## Task prompt
Give again, word for word, each line of the data from the first through the one containing "oder bewerben können.". Pictures stay out.

*** Opening of Given data ***

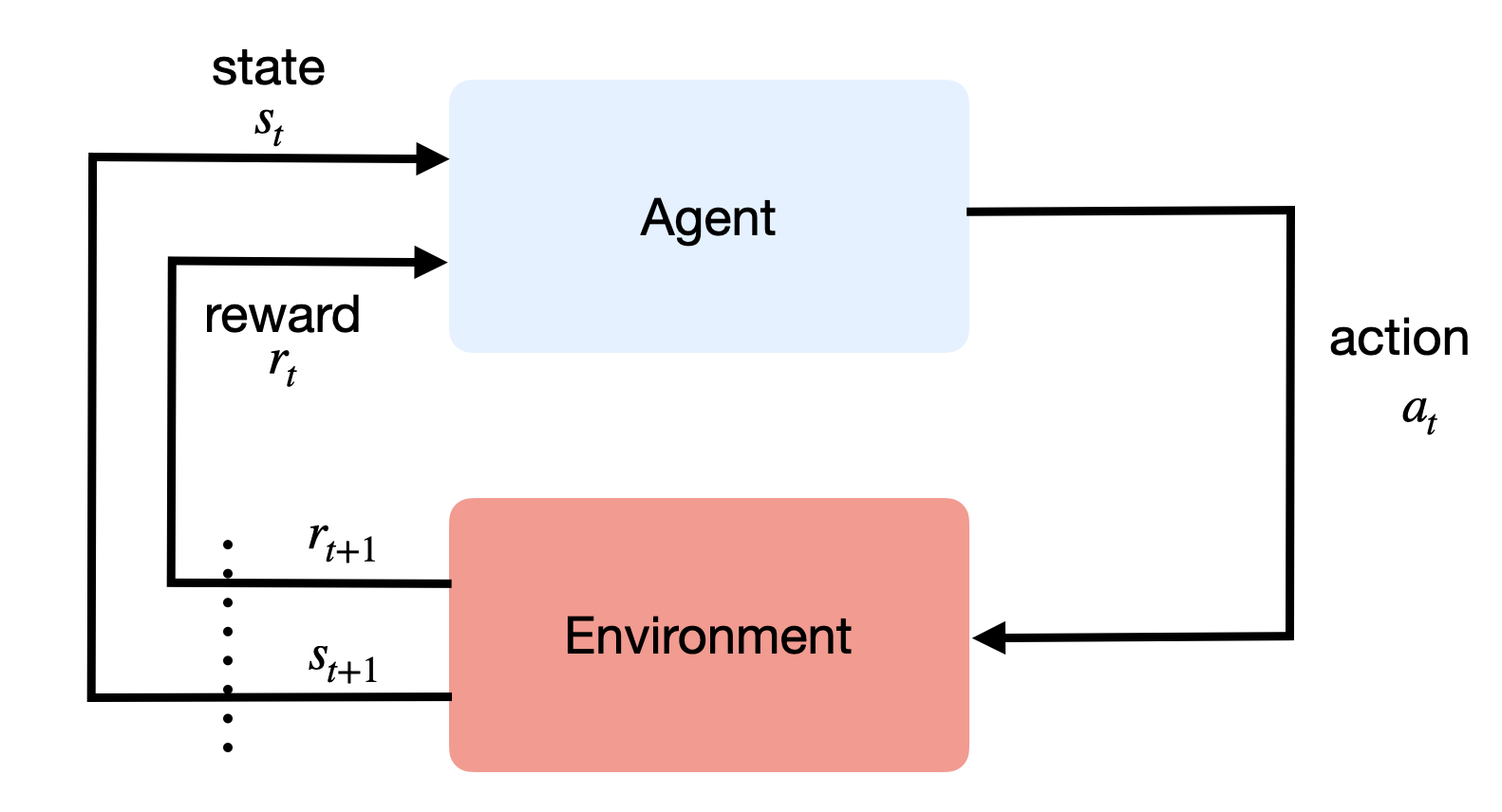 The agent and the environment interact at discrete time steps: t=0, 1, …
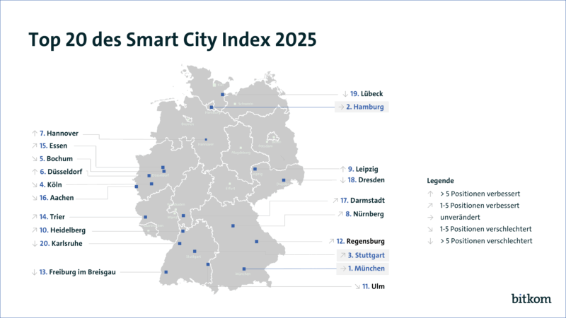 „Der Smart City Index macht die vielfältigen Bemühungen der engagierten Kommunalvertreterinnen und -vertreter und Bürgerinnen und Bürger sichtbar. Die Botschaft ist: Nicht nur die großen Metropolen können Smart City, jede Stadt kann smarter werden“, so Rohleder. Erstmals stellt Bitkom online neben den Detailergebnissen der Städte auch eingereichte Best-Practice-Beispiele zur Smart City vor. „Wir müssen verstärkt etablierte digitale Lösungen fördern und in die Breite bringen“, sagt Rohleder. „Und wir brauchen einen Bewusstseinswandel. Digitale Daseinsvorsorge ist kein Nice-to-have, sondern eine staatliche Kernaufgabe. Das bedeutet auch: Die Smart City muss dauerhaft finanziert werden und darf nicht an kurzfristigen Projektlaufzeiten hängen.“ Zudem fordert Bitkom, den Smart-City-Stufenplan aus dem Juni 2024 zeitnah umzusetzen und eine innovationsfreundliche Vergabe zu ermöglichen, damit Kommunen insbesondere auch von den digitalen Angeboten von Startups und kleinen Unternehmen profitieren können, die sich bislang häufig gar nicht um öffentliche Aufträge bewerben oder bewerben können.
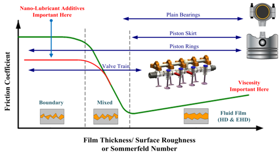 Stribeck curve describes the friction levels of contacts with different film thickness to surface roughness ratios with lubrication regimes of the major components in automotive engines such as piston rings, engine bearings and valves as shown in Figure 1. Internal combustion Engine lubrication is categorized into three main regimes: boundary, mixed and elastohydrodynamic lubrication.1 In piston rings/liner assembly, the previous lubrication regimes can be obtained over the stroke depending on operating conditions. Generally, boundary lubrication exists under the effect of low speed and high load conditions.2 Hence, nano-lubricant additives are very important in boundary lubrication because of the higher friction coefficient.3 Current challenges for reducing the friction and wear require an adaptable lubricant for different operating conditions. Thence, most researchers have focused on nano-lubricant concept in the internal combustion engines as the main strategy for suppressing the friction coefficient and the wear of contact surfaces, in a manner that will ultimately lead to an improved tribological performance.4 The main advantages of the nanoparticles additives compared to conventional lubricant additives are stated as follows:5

*** Close of Given data ***

## Task response
 The agent and the environment interact at discrete time steps: t=0, 1, …
 „Der Smart City Index macht die vielfältigen Bemühungen der engagierten Kommunalvertreterinnen und -vertreter und Bürgerinnen und Bürger sichtbar. Die Botschaft ist: Nicht nur die großen Metropolen können Smart City, jede Stadt kann smarter werden“, so Rohleder. Erstmals stellt Bitkom online neben den Detailergebnissen der Städte auch eingereichte Best-Practice-Beispiele zur Smart City vor. „Wir müssen verstärkt etablierte digitale Lösungen fördern und in die Breite bringen“, sagt Rohleder. „Und wir brauchen einen Bewusstseinswandel. Digitale Daseinsvorsorge ist kein Nice-to-have, sondern eine staatliche Kernaufgabe. Das bedeutet auch: Die Smart City muss dauerhaft finanziert werden und darf nicht an kurzfristigen Projektlaufzeiten hängen.“ Zudem fordert Bitkom, den Smart-City-Stufenplan aus dem Juni 2024 zeitnah umzusetzen und eine innovationsfreundliche Vergabe zu ermöglichen, damit Kommunen insbesondere auch von den digitalen Angeboten von Startups und kleinen Unternehmen profitieren können, die sich bislang häufig gar nicht um öffentliche Aufträge bewerben oder bewerben können.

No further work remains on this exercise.